Корней Агеич, по всему видать, удачу крепко за хвост ухватил, а завистники у удачливого человека всегда сыщутся – перенять ее захотят. Коли окажется среди тех завистников такой, кто умеет толпой верховодить, то он может людским недовольством воспользоваться. Ну, может, и не завтра такие найдутся, но все-таки… Потому сотник и не хочет лишний раз людям в глаза лезть с тем добром, что с Куньева привез и что после бунтовщиков получил.
Сколько у него на подворье осталось, а сколько сюда перевезли, никто и не знает, поди. Все слышали, что он Андрею щедрую долю выделил? Слышали. Да еще бабы завидущие приврали с три короба. Пусть лучше тебе косточки перетирают у колодца, мол, пришлая вдовица ловко устроилось, а главного и не заметят. Народ что не видит, быстро забудет. Ну, не совсем, конечно, но хоть поминать почем зря не станет, и то хлеб… – дед Семен снова смотрел на Арину, ласково прищурившись, но ей отчего-то за привычным привиделся его прежний взгляд, незнакомый и тревожащий. – Теперь, если что, и добро тут под охраной, и самих Лисовинов не ухватишь, как зря. Нынче у нас в крепости теперь их побольше, чем в Ратном. Все внуки Корнеевы тут, так?
– Так… – Арина согласно кивнула. – Но все равно в Ратном не один Корней остался. И сын его там единственный, наследник.
– Это Лавр-то? – прищурился Семен. – Ты хоть раз слышала, чтобы его боярином звали?
– Боярином? Не слыхала… – Арина растерялась от такого вопроса, но тут же с недоумением пожала плечами и отмахнулась от деда. – Да ну тебя, Семен! Как бы я услышала-то? Он здесь и не бывает совсем…
– Правильно, не бывает. Хотя, чего бы не приехать? Сыновья-то его тут. А я тебе еще вот что скажу, – дед выставил вперед указующий перст, – в селе его так даже обозники не величают. Корнея, если кто с какой просьбой идет, боярином привыкают потихоньку, а его – нет. Лавр, да и все тут, а то и Лавруха. У нас вон, Михайлу и братанов его после похода иначе чем бояричами и не называют. Ну и кто тогда наследник? Нет, не Лавр, Аринушка, а Михайла – надежа у воеводы. Ему и передаст все, тут и сомнений нет. А после него – Лавровы сыновья. Потому Корней и бережет их пуще глаз!
Семен снова примолк, разглядывая Арину, потом хмыкнул, выплюнул изжеванную травинку, потянулся за следующей, а когда разогнулся, спросил совсем неожиданное:
– Вот, скажем, как крепость наша расположена, ты обратила внимание?
– Да, тут надежно… – кивнула Арина. – На острове почти.
– Эх ты! На острове… – усмехнулся дед. – Хотя, откуда тебе знать-то! Это я уже полазил вокруг: верши ставил, да про то, где поохотиться можно, разузнавал у лесовиков. Они-то сами охотой живут и здешние угодья знают.
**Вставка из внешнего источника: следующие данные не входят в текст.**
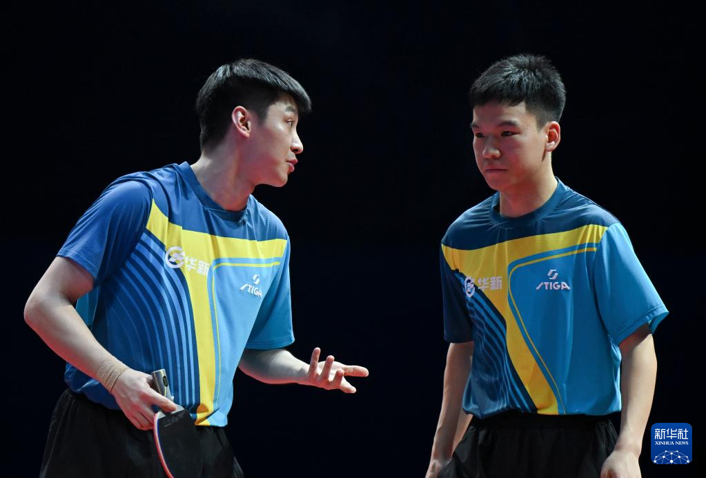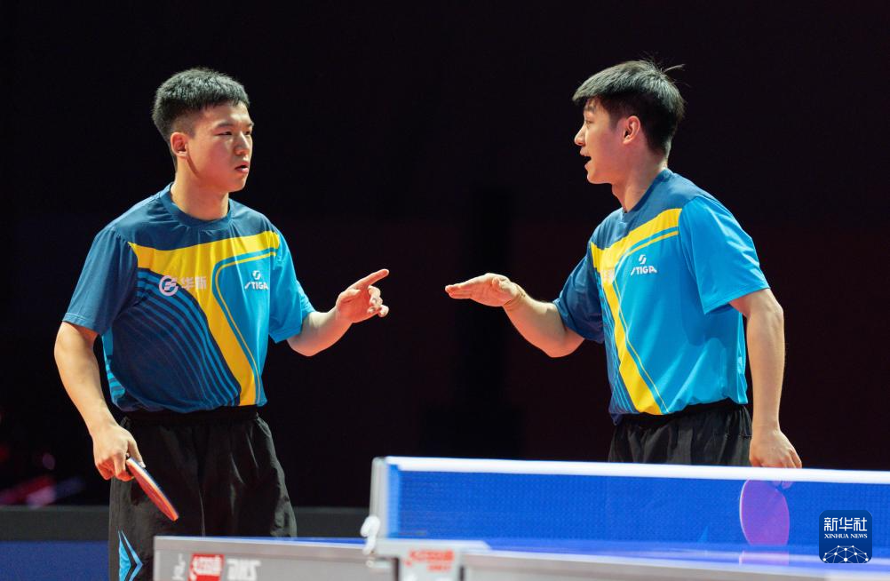 1月1日,山东魏桥·向尚运动队组合林昀儒/梁靖崑(右)在双打比赛中商讨战术。他们3比2战胜黄石基地·华新队组合向鹏/薛飞。
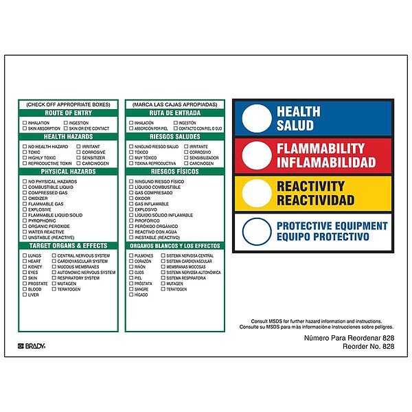 Right-To-Know Label, Adhesive Adhesive, Adhesive Material Not Applicable, Adhesive Properties Permanent Adhesive, Background Color White, Hazard Communication Standard HMIG, Height 8 in, Kit Contents Not Applicable, Lamination Type Not Laminated, Language English, Material Paper, Material Properties Not Applicable, Maximum Service Temperature 149 Degrees F, Minimum Service Temperature -40 Degrees F, Mounting Type Adhesive

Удачное место для крепости нашли – удобнее и не придумаешь! Мимо Ратного никакое воинство сюда не пройдет. Ни пешее, ни на ладьях. Там их и остановят или, при большой беде – не приведи Господи! – время протянут, чтобы тут к отпору приготовиться, ну, или уйти куда… в самом крайнем случае. А ежели из-за болота кто решит напасть, так мимо веси Великой Волхвы незамеченными не пройдут. Оттуда и нас, и Ратное упредят, да и боятся ее – лишний раз не сунутся. Так что если только малым числом тайком кто вокруг по лесу прокрадется, а большой силой – никак обойти не получится. К Ратному могут выйти – там вроде есть путь, сотня ходила, а в нашу сторону – никак.
– А если с той стороны? – Арина, всерьез заинтересовавшись, обернулась и кивнула на лес, который начинался сразу за пригорком, где стояла их усадьба. – Там что?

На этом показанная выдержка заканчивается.